If you plan on working in the chemical industry, the employers are probably more interested in you as a person, your ability to adjust to certain problems, and working according to their standards. Having a broad thesis should not be a hindrance in that case.

However, the title you are currently using may not be very well chosen, since "Relevant Chemical Problems" is a very fuzzy term. On the contrary to some other opinions offered in this thread, I would be very scared of using a long title. Make it as short as possible, while keeping it as precise as necessary.

In conclusion, I do not expect that the title of your thesis will harm your career in any way once you have published in peer reviewed journals.


Addendum

I know LordStryker from chem.se and therefore I know at least one publication he suggested I read, upon a request of mine. (I will not disclose this source here, because this is up to him.) I am certainly no expert in this particular field of computational chemistry and my understanding might be incomplete. However, I do see the significance of this particular work not only to our community but also to tangenting fields.

I found two other publications, one appeared in a top level journal of our field, the other I cannot judge. From what I understood the presented work is thoroughly, concise and well prepared. I could also see that connecting all these samples is very difficult from a concise topical point of view. However, these all are applications of quantum chemistry, so they all emerged from the same field.

Not receiving a degree for this work is absolutely out of the question.

On a personal note, I would like to state, that it was my own personal decision to get involved in this "discussion" - I was never approached by LordStryker, nor do I have any affiliations with him. Our communication is solely through the se network.

5

The answer is completely dependent on what the next step of your career is. If you a seeking a post-doc position, then what matters is if people with money are hiring researchers with your skill set. If so, you are set for now and you can build more expertise as a postdoc. If you are seeking a faculty position at a research university, then your research needs to have a direction that excites people -- are you able to address important problems that other people cannot (or have not)?

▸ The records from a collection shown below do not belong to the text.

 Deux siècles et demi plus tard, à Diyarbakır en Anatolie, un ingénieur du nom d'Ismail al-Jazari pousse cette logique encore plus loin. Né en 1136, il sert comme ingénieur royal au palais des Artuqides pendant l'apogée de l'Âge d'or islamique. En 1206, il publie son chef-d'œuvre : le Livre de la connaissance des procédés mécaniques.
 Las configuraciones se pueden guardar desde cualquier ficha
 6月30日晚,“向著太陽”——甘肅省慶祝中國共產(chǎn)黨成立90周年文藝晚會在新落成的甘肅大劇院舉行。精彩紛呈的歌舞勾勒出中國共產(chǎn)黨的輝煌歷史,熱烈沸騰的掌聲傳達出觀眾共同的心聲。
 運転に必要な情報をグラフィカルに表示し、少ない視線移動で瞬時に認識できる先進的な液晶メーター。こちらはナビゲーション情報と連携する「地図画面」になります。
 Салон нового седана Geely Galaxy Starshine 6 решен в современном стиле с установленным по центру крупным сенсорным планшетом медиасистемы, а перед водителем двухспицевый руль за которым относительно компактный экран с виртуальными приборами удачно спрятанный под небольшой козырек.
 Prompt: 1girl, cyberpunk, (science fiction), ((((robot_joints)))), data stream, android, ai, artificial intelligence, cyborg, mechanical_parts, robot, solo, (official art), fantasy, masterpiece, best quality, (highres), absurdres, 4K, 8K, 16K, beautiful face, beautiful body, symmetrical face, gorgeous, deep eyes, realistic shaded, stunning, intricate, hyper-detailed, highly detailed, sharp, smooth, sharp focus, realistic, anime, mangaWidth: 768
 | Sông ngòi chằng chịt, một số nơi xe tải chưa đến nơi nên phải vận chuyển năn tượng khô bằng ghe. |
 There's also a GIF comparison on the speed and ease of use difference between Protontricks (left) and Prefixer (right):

Since other people are commenting on whether your research constitutes a "real PhD", I'll give my two cents: what matters is that you have applied your creativity to solve a difficult problem. If you have simply learned techniques that others have developed and applied them in a mindless manner, then you are a technician, not a scientist. If your thesis has demonstrated creative problem solving, then you should be fine (see first paragraph)

4

Overly broad topics usually make for unsatisfactory thesis subjects, because it becomes substantially harder to make a significant intellectual contribution in a larger field than in a narrower one. More importantly, it can take much longer to build a "does-it-all" solution.

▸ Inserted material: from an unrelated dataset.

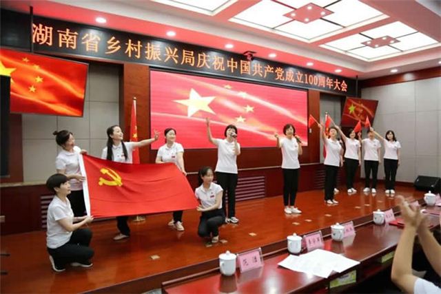 伴随着国际歌的嘹亮歌声,省乡村振兴局庆祝中国共产党成立100周年大会圆满落幕。大家纷纷表示,将继续用心用情践行初心和使命,以更加昂扬的斗志、更加务实的作风投入到乡村振兴工作当中去,向着实现第二个百年奋斗目标奋勇前进,奋力谱写全面建设社会主义现代化国家的湖南篇章!
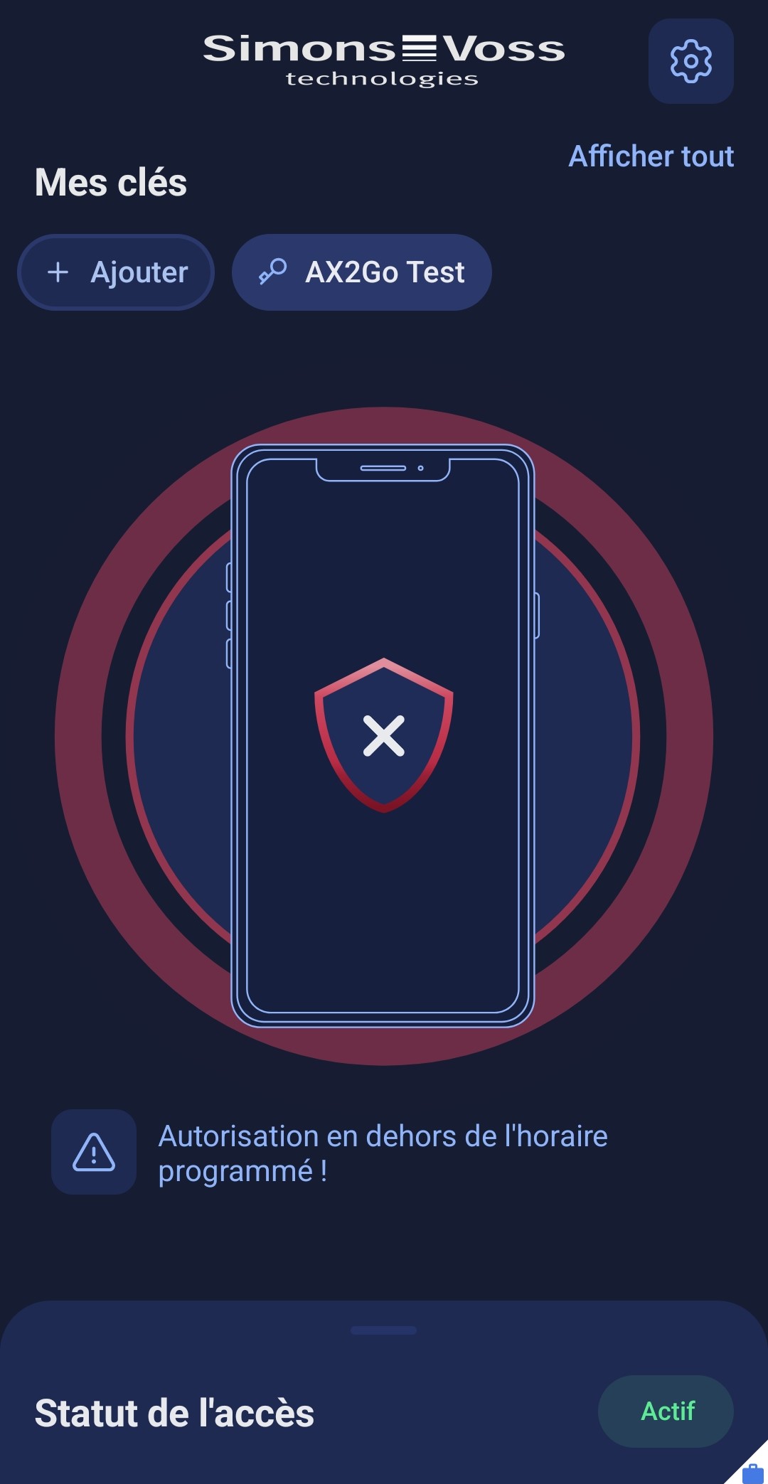L’administrateur du système de fermeture peut vous affecter à un groupe horaire déterminé, c’est-à-dire que vous ne pouvez ouvrir la fermeture qu’à certaines heures. Si vous essayez d’ouvrir la fermeture en dehors des heures du groupe horaire auquel vous avez été affecté, l’accès vous est refusé et vous recevez le message suivant :

However, that doesn't mean that your research can't evolve in such a direction—some topics broaden significantly once means of "generalizing" it are discovered and applications to different systems and cases can be developed. But it's not normally a good idea to start with such a broad topic.

4
  • 2
    It also becomes very hard for reviewers to create meaningful metrics for evaluation when a subject is overly broad.
    – Raydot
    Jun 3, 2014 at 21:35
  • 1
    I didn't follow the entire edit history, but as it stands, this does not answer the question.
    – user102
    Jun 4, 2014 at 13:42
  • 1
    My response answers the top-level question posed in the title.
    – aeismail
    Jun 4, 2014 at 14:35
  • @aeismail: I think I'm missing the aspect about the actual impact on the career (I think there is a difference between the evolution of the research and the evolution of the career).
    – user102
    Jun 4, 2014 at 14:41
3

I am someone who dropped out of a PhD program, so I am answering on the basis of others in the program that I knew.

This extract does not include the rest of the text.